> [Work request] Begin at the line containing "国内線ファーストクラスの機内" and copy exactly through the last line of the listing, skipping every picture.

> [Data segment]
──────────────────────────────

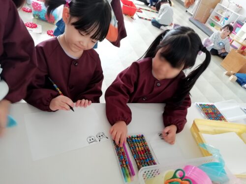 年中組・年長組さんは、ご挨拶のあとに園内の危ないところはどこかな?と探検に出かけたり、製作をしたり。
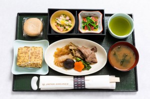 国内線ファーストクラスの機内食は、大津市の懐石・割烹「清元」の主人、清本健次氏がプロデュース。近江牛や近江豚、琵琶湖で獲れるタテボシガイやニジマスなど、地元の食材を使用したメニューを用意する。ご飯は近江米の新品種「みずかがみ」を使用。午後5時以降の出発便を対象に、上旬、中旬、下旬で異なるメニューを用意する。午後4時那覇発羽田行きJL918便でも提供する。
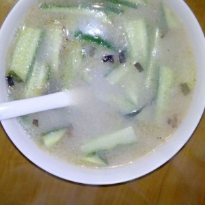 葱爆锅下皮蛋翻炒,加适量水烧开下黄瓜片,开锅点香油上桌。

──────────────────────────────

> [Solution to the exercise]
 国内線ファーストクラスの機内食は、大津市の懐石・割烹「清元」の主人、清本健次氏がプロデュース。近江牛や近江豚、琵琶湖で獲れるタテボシガイやニジマスなど、地元の食材を使用したメニューを用意する。ご飯は近江米の新品種「みずかがみ」を使用。午後5時以降の出発便を対象に、上旬、中旬、下旬で異なるメニューを用意する。午後4時那覇発羽田行きJL918便でも提供する。
 葱爆锅下皮蛋翻炒,加适量水烧开下黄瓜片,开锅点香油上桌。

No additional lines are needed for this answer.